## Goal of the exercise
What you give back from the listing below should be an exact copy of the lines from the one with "Edytor tapety: Zachód, Słońca, Most, Mgła, Skały" down to the one with "Verchroomd metalen lamp", and it should contain no pictures.

## Available data

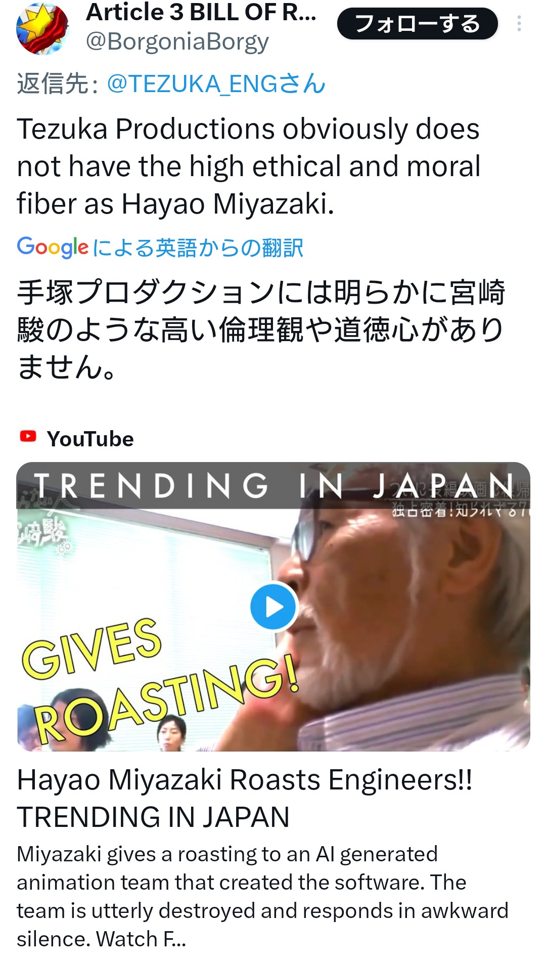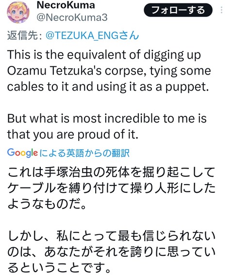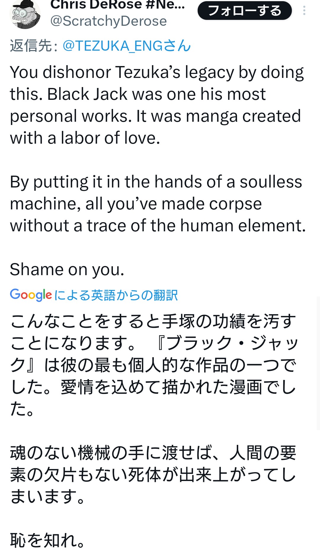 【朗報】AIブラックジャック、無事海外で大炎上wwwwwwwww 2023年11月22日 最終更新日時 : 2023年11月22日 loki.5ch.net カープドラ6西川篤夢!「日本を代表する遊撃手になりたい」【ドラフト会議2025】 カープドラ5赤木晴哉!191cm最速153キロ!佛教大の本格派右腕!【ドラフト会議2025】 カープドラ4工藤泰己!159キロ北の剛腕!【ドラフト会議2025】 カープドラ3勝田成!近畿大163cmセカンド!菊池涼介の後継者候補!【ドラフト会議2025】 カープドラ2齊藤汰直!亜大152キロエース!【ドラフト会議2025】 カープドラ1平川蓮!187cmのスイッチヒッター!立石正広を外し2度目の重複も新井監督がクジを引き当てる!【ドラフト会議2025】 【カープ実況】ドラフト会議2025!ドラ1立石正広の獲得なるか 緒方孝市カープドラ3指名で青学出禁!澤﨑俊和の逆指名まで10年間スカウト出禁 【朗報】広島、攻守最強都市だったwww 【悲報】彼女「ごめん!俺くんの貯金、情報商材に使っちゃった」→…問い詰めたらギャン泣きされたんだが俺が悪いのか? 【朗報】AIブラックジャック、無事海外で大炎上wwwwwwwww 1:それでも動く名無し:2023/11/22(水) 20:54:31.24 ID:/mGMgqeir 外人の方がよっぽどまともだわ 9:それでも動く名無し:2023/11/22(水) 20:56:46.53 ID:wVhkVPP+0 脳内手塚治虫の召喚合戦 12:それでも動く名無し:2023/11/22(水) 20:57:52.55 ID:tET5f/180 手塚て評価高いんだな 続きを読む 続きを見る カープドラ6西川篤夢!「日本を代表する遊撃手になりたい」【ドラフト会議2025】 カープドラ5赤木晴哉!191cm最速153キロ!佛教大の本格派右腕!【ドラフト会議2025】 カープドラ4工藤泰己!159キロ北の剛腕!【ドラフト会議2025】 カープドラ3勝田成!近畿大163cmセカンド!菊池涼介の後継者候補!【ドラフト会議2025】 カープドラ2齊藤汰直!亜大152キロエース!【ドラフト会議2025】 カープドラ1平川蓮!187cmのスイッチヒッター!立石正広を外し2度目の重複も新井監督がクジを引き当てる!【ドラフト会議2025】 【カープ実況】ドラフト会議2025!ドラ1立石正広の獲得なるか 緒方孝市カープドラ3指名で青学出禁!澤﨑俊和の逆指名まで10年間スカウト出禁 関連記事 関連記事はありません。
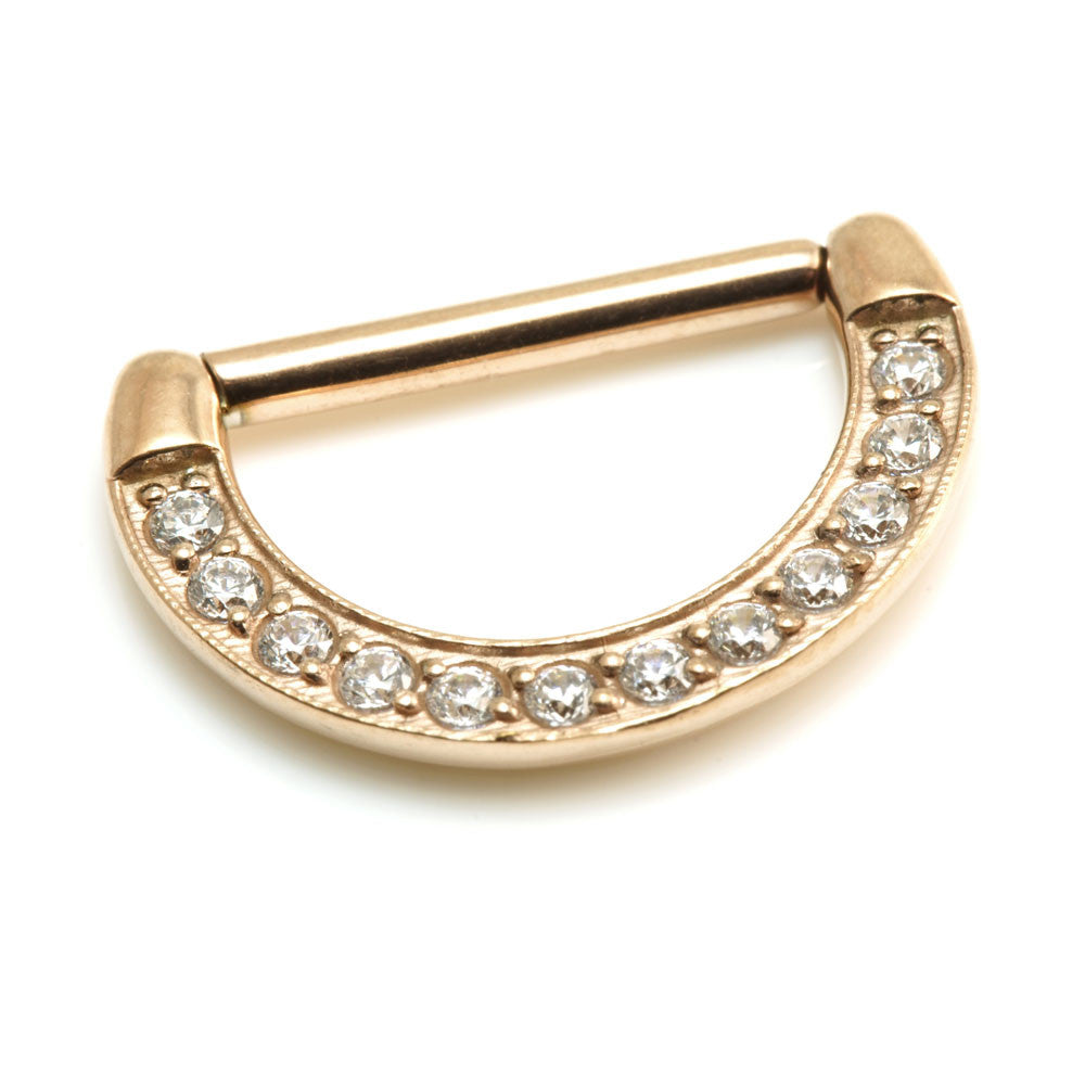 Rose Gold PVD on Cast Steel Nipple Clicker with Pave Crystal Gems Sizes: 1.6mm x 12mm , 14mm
---
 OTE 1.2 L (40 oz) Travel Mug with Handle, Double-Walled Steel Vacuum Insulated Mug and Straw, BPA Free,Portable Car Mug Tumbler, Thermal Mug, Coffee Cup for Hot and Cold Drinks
--
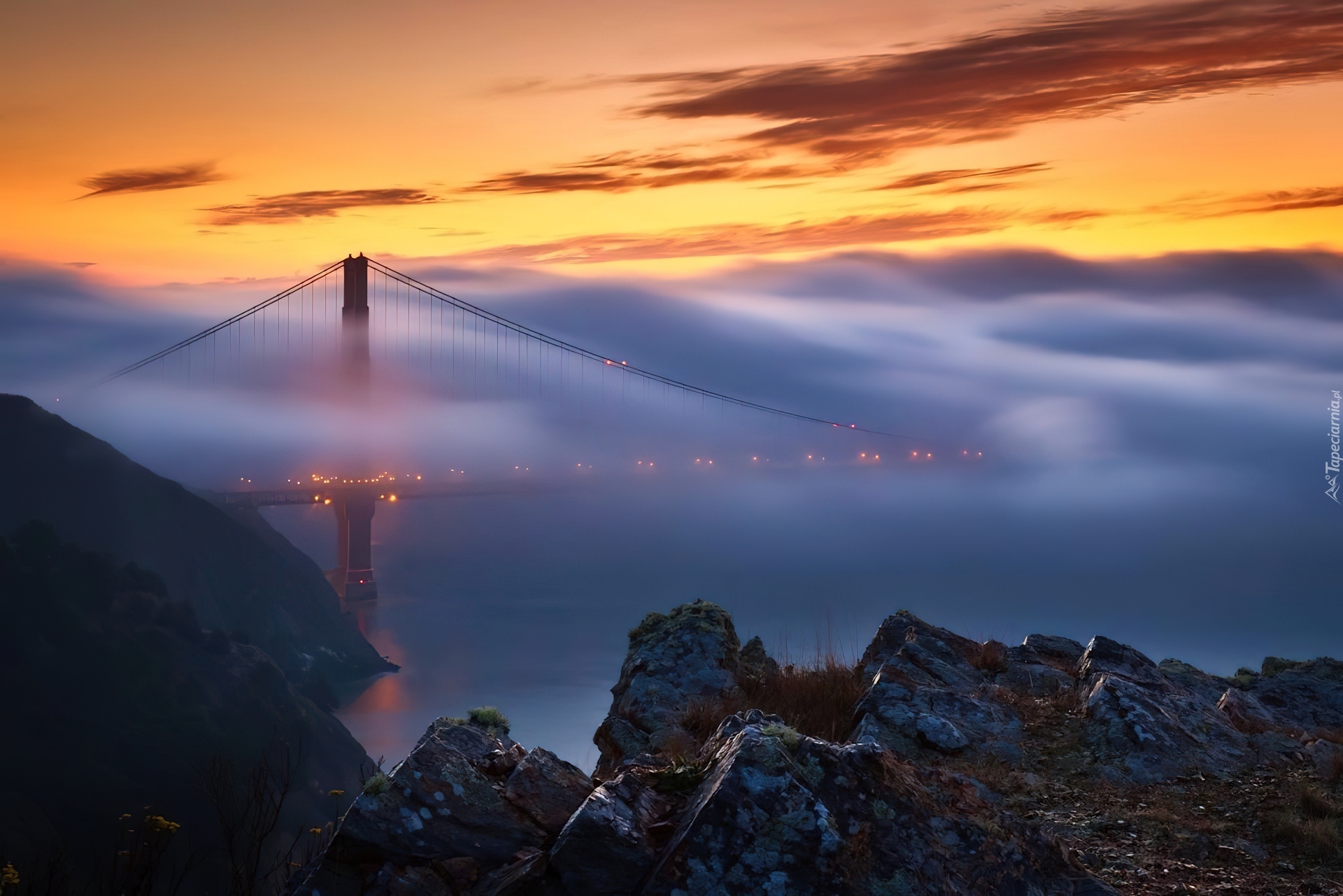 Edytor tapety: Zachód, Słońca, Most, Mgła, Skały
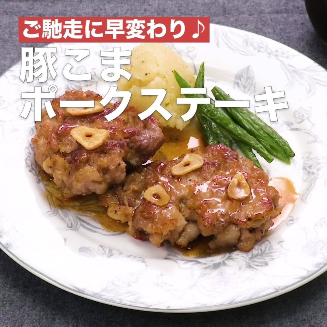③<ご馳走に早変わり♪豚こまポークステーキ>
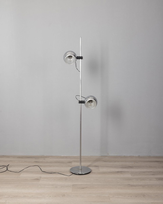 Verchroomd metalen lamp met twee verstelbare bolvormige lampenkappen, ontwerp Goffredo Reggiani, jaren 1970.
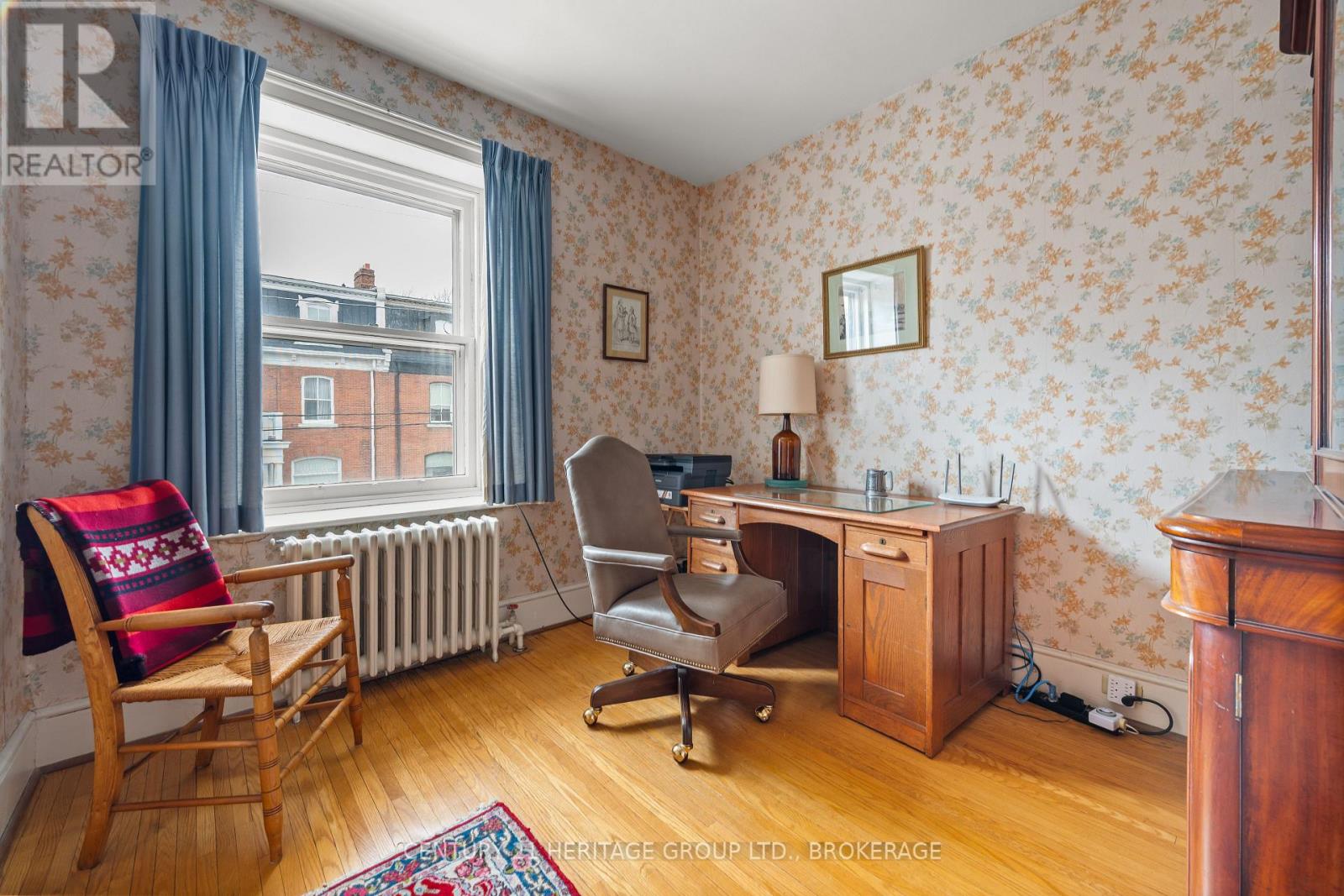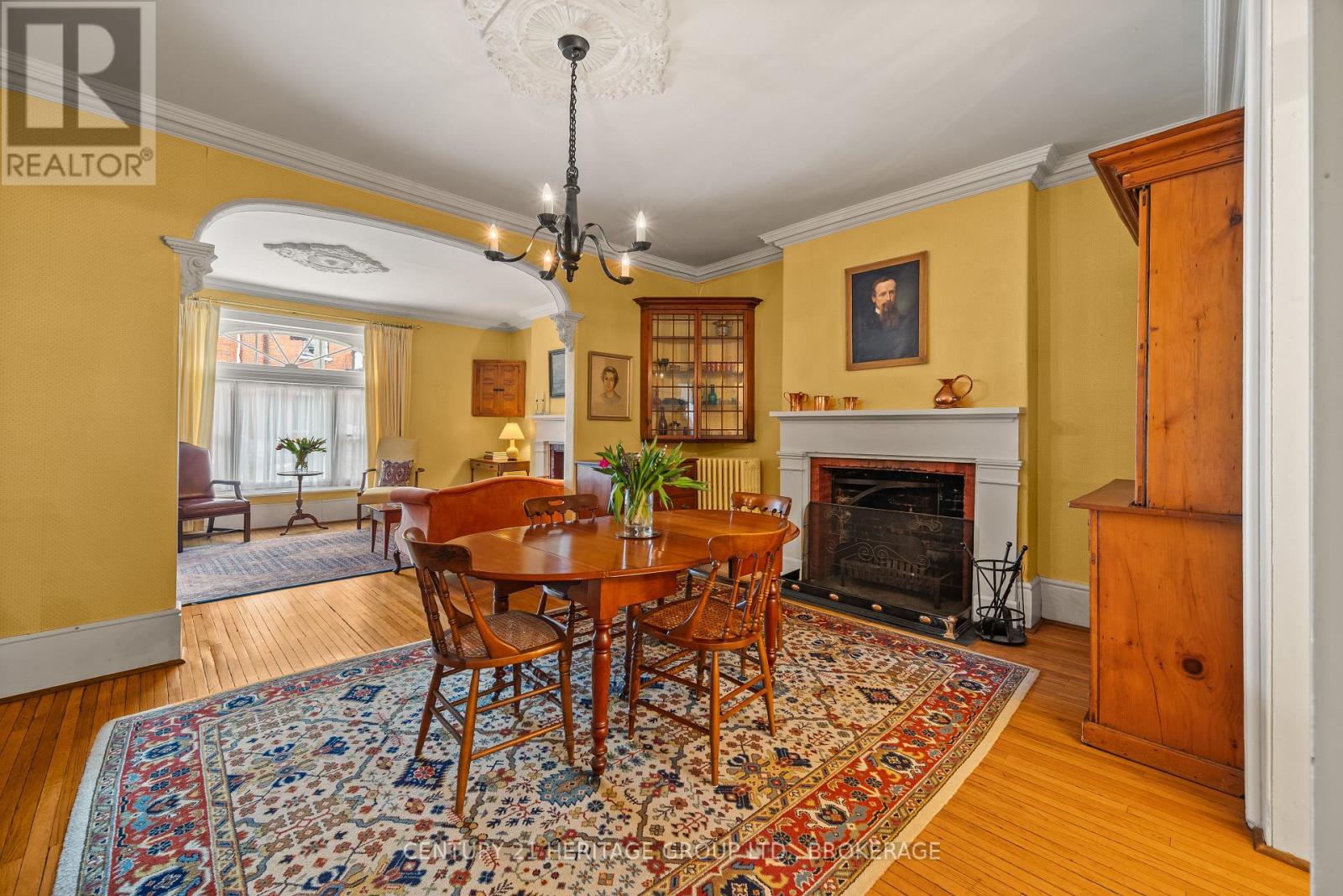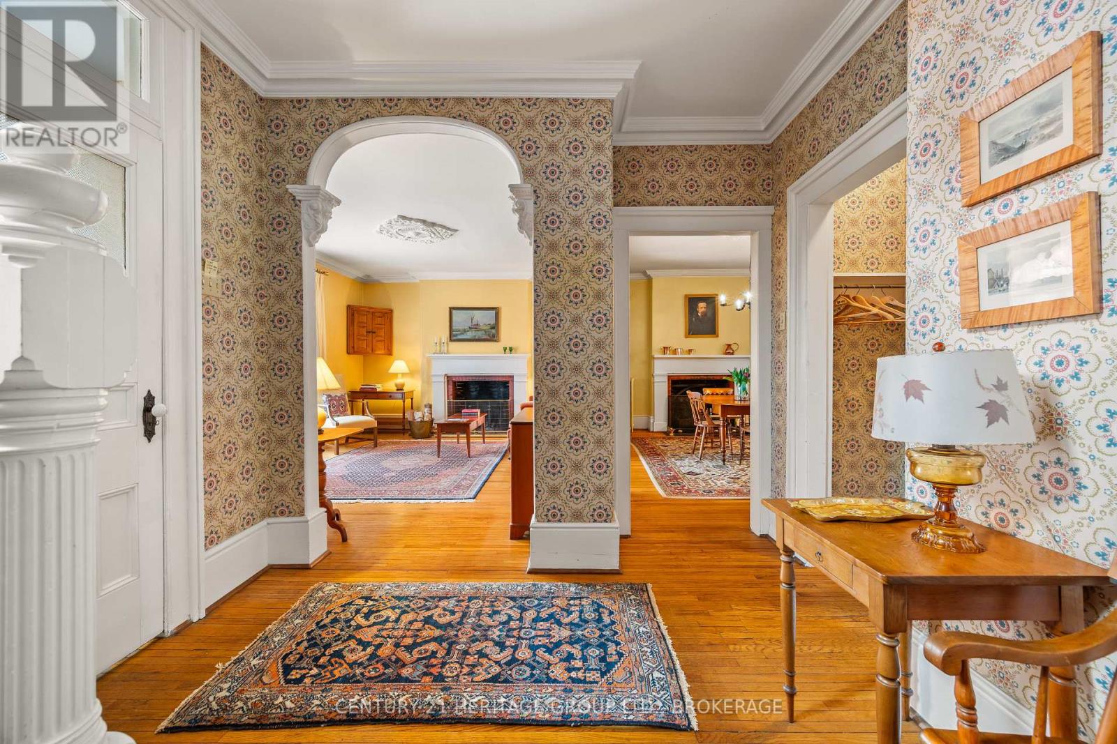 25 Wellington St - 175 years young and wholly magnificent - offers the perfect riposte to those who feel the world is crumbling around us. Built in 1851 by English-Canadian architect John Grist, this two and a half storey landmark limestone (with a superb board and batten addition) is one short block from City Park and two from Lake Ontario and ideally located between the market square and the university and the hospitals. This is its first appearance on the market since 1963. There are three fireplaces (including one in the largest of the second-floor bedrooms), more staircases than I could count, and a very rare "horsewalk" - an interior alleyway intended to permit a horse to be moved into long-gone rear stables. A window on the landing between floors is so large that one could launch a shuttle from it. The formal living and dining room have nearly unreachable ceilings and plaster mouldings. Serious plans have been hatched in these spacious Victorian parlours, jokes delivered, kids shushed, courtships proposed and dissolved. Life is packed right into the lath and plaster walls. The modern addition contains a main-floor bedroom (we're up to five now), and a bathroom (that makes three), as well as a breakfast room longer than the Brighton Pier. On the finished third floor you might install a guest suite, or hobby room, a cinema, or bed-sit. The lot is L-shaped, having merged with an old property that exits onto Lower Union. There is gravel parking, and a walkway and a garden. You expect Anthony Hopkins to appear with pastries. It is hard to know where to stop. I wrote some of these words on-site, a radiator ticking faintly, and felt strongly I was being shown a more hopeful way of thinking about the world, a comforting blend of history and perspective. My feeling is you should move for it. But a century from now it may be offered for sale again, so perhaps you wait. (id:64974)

## Answer space
 Edytor tapety: Zachód, Słońca, Most, Mgła, Skały
③<ご馳走に早変わり♪豚こまポークステーキ>
 Verchroomd metalen lamp met twee verstelbare bolvormige lampenkappen, ontwerp Goffredo Reggiani, jaren 1970.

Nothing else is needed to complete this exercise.